But not the 57mm cannon 

A B-25 did very well for its self thanks. So why not be a glider pilot!

A bf 109 over the Battle of France, then I would not get shot down that much


----------



## the lancaster kicks ass (Jul 5, 2004)

> But not the 57mm cannon



wrong, the Mk.XVIII was armed with a 57mm Molins gun and 4x.303s.................


----------



## kiwimac (Jul 5, 2004)

FW 190 anywhere, anywhen

Kiwimac


----------



## kiwimac (Jul 5, 2004)

Reggiane Re 2005, Italy, 1942-3 (il fascisti)


----------



## MP-Willow (Jul 6, 2004)

Lanc- I was close yes? Do you know of any operations the Mk. XVIII had?

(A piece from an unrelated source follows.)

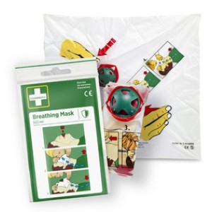 Adembeschermmaskertje in sleutelhouder-etui.
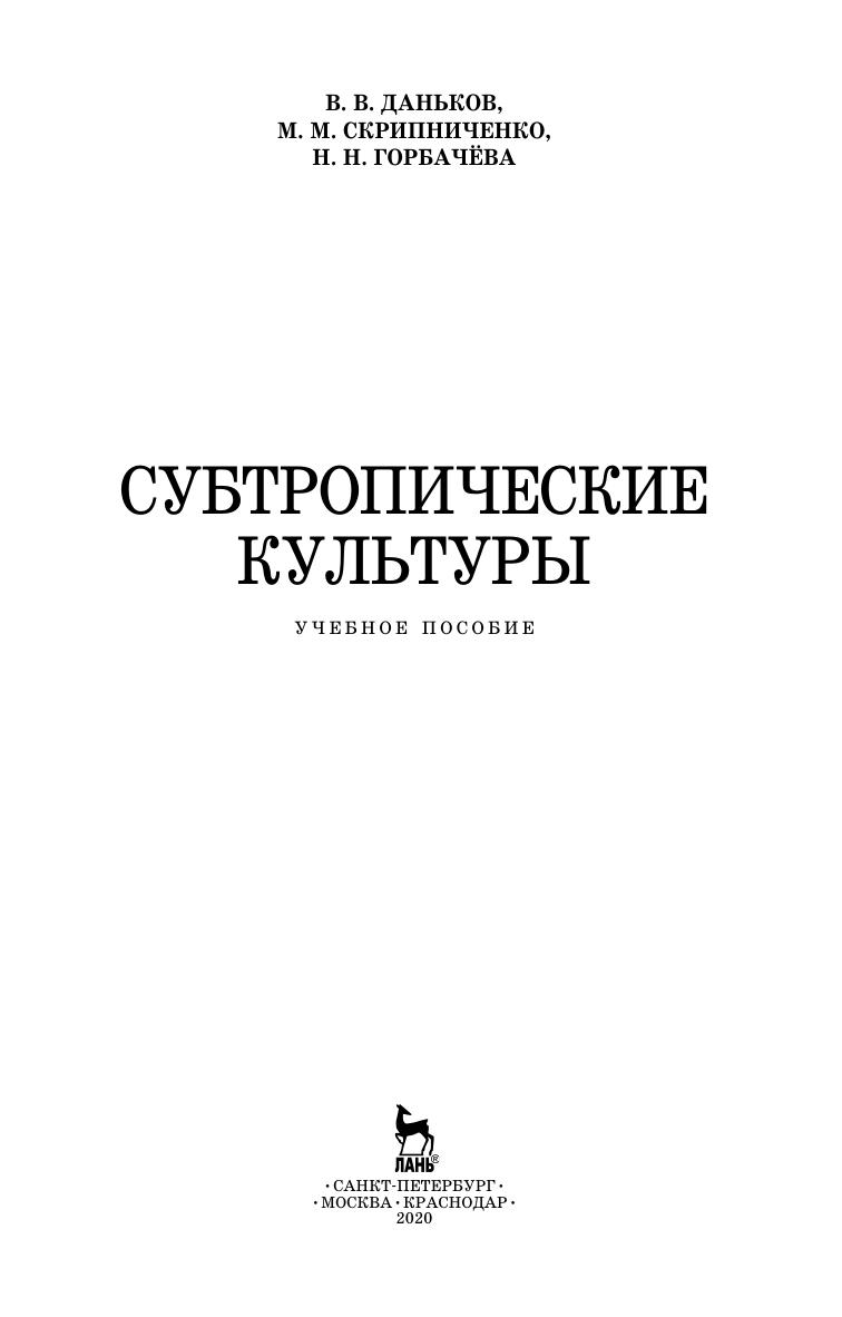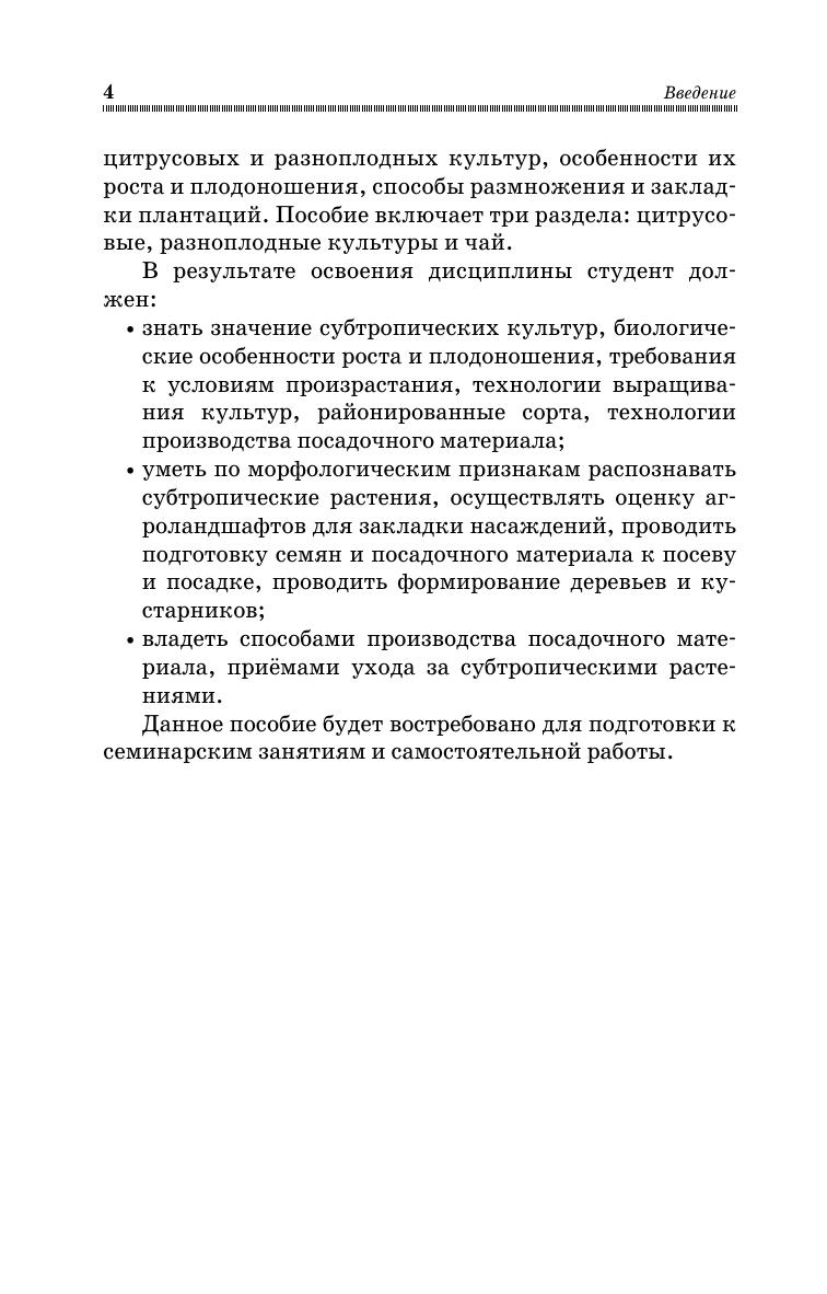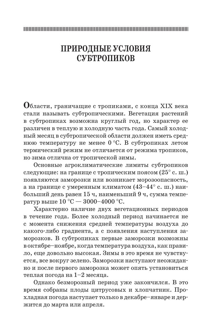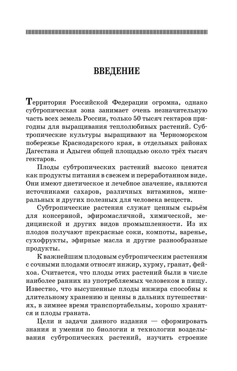 В учебном пособии рассматриваются классификация, происхождение и биологические особенности субтропических растений. Рассмотрены общие технологические вопросы, обеспечивающие получение высоких и стабильных урожаев. Особое внимание уделено защите цитрусовых от морозов, траншейной и комнатной культуре цитрусовых. Вторая часть пособия знакомит с основными разноплодными субтропическими культурами и чаем. Изложены технологии возделывания этих культур.

Kiwimac -the Re 2005 was a very promising plane, but it was built in very small numbers and only flew operationaly for a few months but it did fly a little longer in the hands of Germans and Italians in the North.


----------



## the lancaster kicks ass (Jul 6, 2004)

no, but apparently it was one of the better FB varients.....................


----------



## Lightning Guy (Jul 6, 2004)

There were only two real FB varients, the XVIII and the VI. The XVIII was never massed produced because the VI could carry rockets which were just as effective as the 57mm gun, retain the rear bombay, and the 4 20mm and 4.303s were a much more versatile armament.


----------



## the lancaster kicks ass (Jul 7, 2004)

to be honest i would prefer the 4x20mm and 4x.303, i was just making a point to MP..........................


----------



## Lightning Guy (Jul 7, 2004)

I would too. In the even of an air-to-air scramble, the FB.VI was much better off than the FB.XVIII.


----------



## Gemhorse (Jul 8, 2004)

They also had a 37mm Molins in Mk.XVIII's, both were used particuarly for U-boat attacks to hole the submerging conning-towers...Rockets were more for ships...


----------



## MP-Willow (Jul 8, 2004)

Thanks. Do you think that the Mossie had too many veriants? This is to say it was developed for what seemed to be everything they could think of.


----------



## Lightning Guy (Jul 8, 2004)

Well, basically, there were 4 specific versions, photo-recon, night-fighter, bomber, and fighter-bomber. There were something like 40 subtypes developed but all of these were designed for one of the 4 roles mentioned above.


----------



## the lancaster kicks ass (Jul 8, 2004)

and think of it this way, would you rather design a whole new plane to do a job that a current plane can do just as well??


----------



## Gemhorse (Jul 11, 2004)

Yeah, there was I believe, 43 different variants, and this was only superceded by the Ju-88. The Mk.XVIII was a rare version, only 18, including the prototype were built from FB.VI fuselages. Most served with RAF 248 Sqn. Prior to fitting the Molins, they'd actually done a feasibility study [successfully], using the much heavier 3.7 inch [94mm] gun, but the Molins proved effective indeed, it's 7.11 lb shell were tipped with hardened steel and had no trouble entering a U-boat's hull and creating havoc. - They were called the 'TSE-TSE' because they had a bigger bite than normal Mosquitos, worked from Predannack in Cornwall from Oct'43, over the Bay of Biscay, then from Banff in Scotland after helping-out during D-Day landings, carrying-out many successful attacks on German shipping installations in Norway; a truly grunty aircraft...[rare, like all thoroughbreds...]


----------



## Lightning Guy (Jul 11, 2004)

But evidently not successful enough to justify continued production.


----------



## MP-Willow (Jul 12, 2004)

Thanks.  It is just a little trippy reading all the different Marks. Different fro the USAAC or USN that it seems would have two or three different aircraft. LIke using the P-40 when the P-47 was much its better. I do not still know why P-40 prduction was so high as the P-47 and P-51 were comming online. Any help there would be great!


----------



## the lancaster kicks ass (Jul 12, 2004)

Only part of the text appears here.